#### PROMPT:
Extract only the lines running from the top of the entries to the line that holds "The energy dispersive". Include that line and omit the pictures.

-- INFORMATION SHOWN follows --

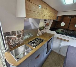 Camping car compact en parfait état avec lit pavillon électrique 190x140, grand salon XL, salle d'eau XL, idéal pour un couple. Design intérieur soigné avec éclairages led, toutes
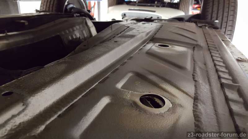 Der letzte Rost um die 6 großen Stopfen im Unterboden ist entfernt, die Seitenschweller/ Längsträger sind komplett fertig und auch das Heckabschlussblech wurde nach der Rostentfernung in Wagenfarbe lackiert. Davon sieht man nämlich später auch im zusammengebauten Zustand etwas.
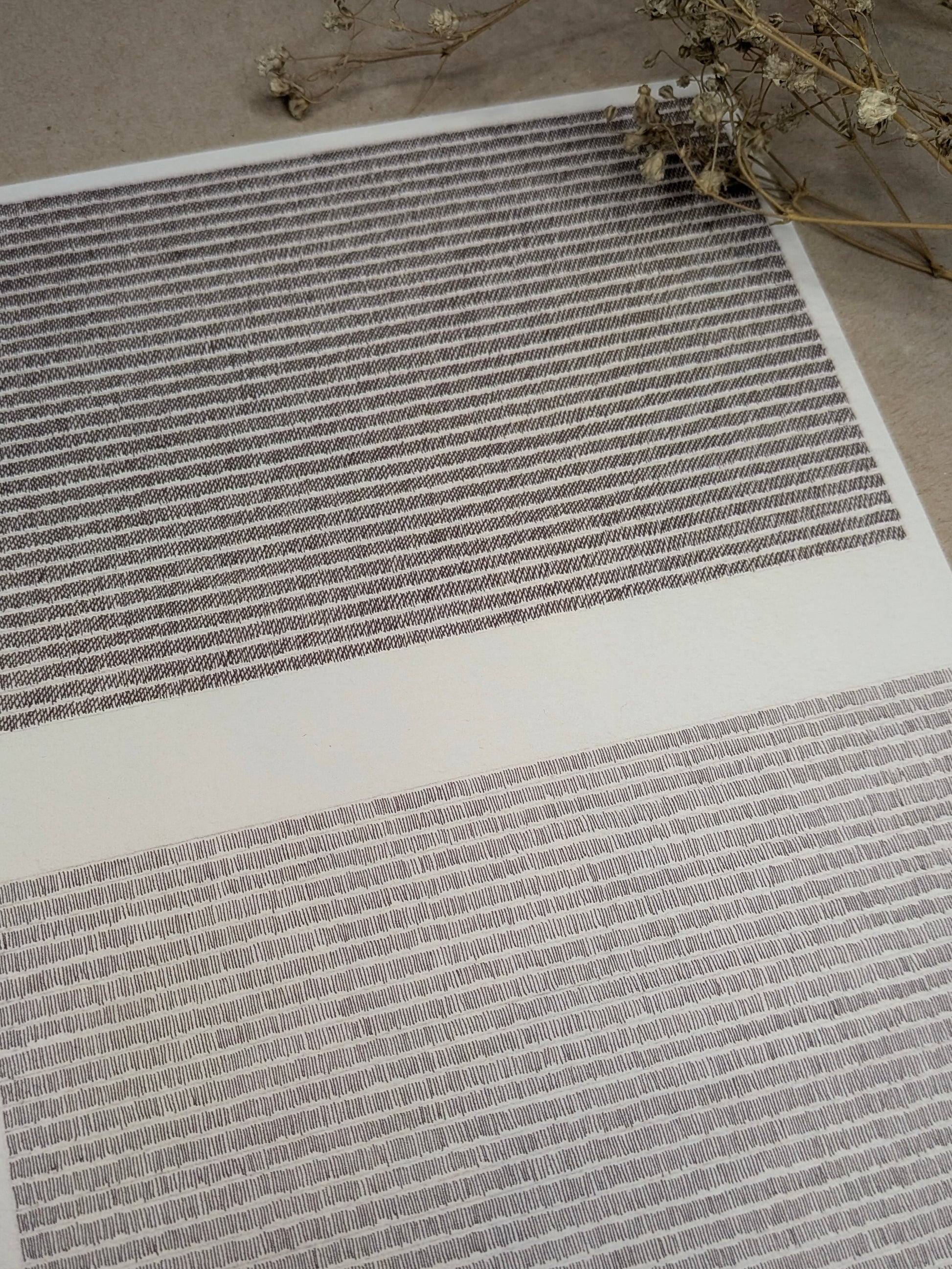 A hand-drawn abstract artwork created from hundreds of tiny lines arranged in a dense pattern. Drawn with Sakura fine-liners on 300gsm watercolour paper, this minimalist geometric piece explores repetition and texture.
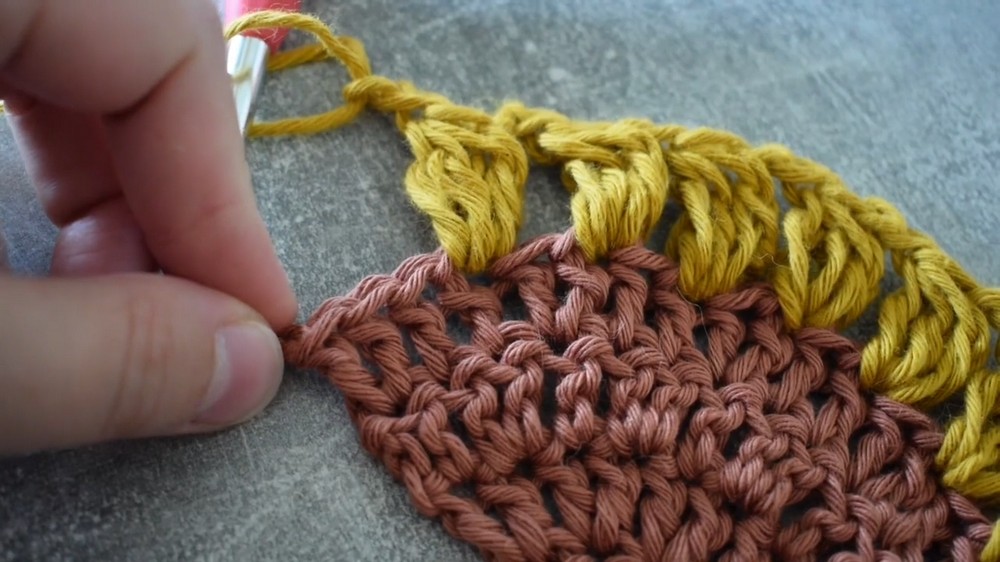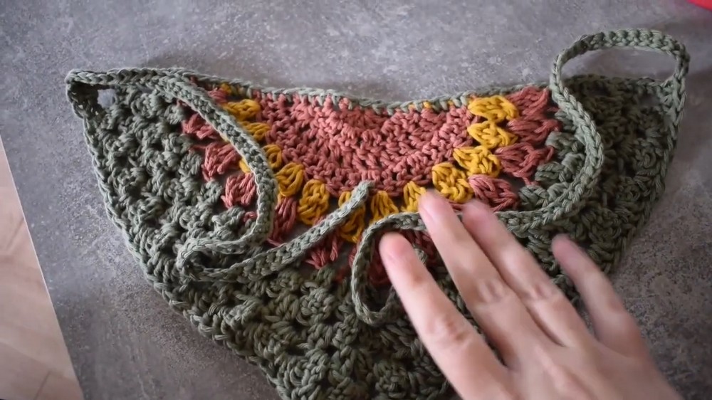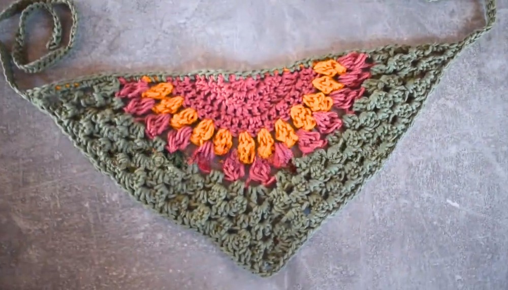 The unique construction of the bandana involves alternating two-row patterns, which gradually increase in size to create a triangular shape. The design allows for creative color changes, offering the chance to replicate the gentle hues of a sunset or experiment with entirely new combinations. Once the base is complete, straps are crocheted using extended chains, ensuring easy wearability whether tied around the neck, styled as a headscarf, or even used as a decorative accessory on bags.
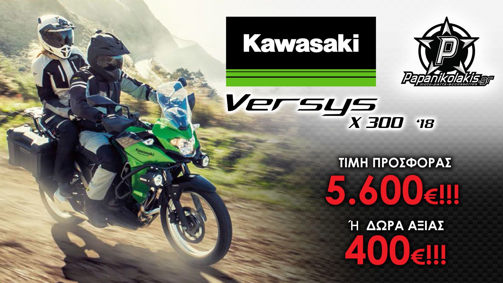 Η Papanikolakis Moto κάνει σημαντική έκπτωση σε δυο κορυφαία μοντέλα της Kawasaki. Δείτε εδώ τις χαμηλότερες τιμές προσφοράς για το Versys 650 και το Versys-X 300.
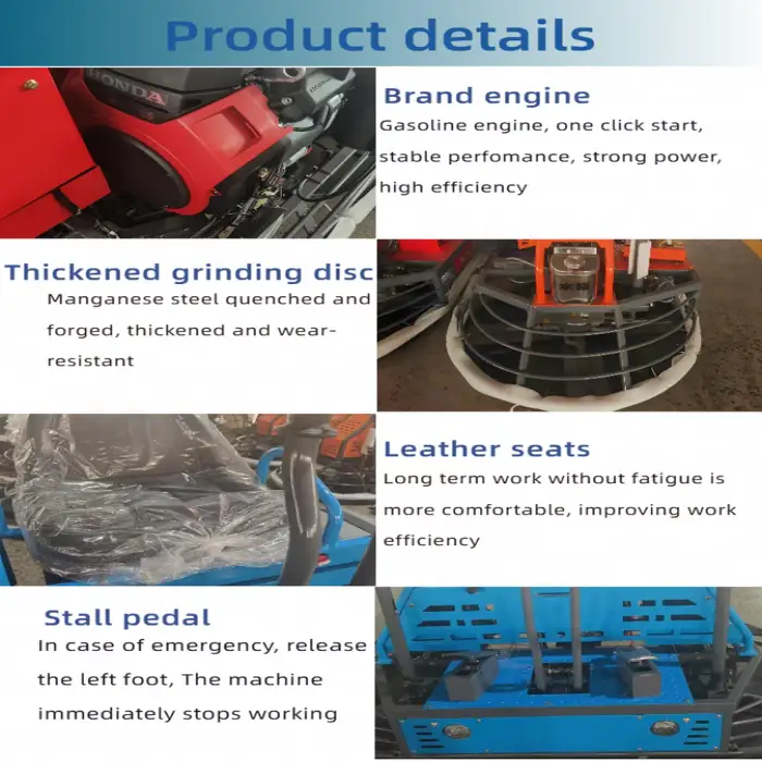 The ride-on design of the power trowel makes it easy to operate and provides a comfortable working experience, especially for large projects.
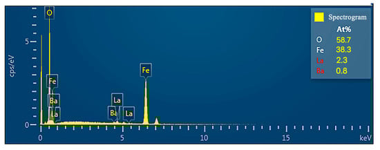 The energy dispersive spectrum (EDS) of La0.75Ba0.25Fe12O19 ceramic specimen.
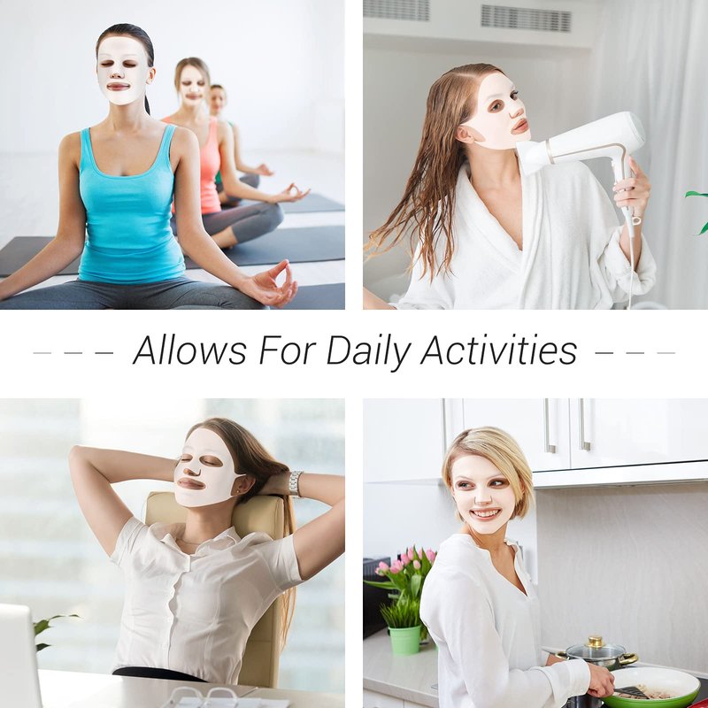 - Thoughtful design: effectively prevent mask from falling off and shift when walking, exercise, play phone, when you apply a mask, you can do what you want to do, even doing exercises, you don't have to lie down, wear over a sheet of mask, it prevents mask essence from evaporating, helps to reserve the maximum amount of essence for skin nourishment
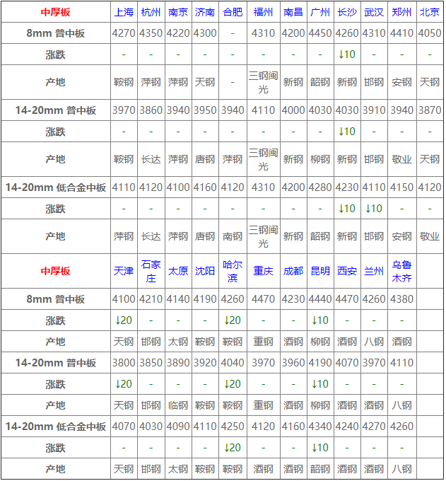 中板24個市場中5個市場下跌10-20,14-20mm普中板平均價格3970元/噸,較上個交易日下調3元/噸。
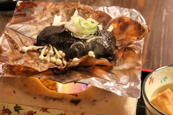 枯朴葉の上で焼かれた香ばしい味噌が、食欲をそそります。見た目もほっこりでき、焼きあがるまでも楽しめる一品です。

-- INFORMATION SHOWN concluded --

#### EXERCISE RESULT:
 Camping car compact en parfait état avec lit pavillon électrique 190x140, grand salon XL, salle d'eau XL, idéal pour un couple. Design intérieur soigné avec éclairages led, toutes
 Der letzte Rost um die 6 großen Stopfen im Unterboden ist entfernt, die Seitenschweller/ Längsträger sind komplett fertig und auch das Heckabschlussblech wurde nach der Rostentfernung in Wagenfarbe lackiert. Davon sieht man nämlich später auch im zusammengebauten Zustand etwas.
 A hand-drawn abstract artwork created from hundreds of tiny lines arranged in a dense pattern. Drawn with Sakura fine-liners on 300gsm watercolour paper, this minimalist geometric piece explores repetition and texture.
 The unique construction of the bandana involves alternating two-row patterns, which gradually increase in size to create a triangular shape. The design allows for creative color changes, offering the chance to replicate the gentle hues of a sunset or experiment with entirely new combinations. Once the base is complete, straps are crocheted using extended chains, ensuring easy wearability whether tied around the neck, styled as a headscarf, or even used as a decorative accessory on bags.
 Η Papanikolakis Moto κάνει σημαντική έκπτωση σε δυο κορυφαία μοντέλα της Kawasaki. Δείτε εδώ τις χαμηλότερες τιμές προσφοράς για το Versys 650 και το Versys-X 300.
 The ride-on design of the power trowel makes it easy to operate and provides a comfortable working experience, especially for large projects.
 The energy dispersive spectrum (EDS) of La0.75Ba0.25Fe12O19 ceramic specimen.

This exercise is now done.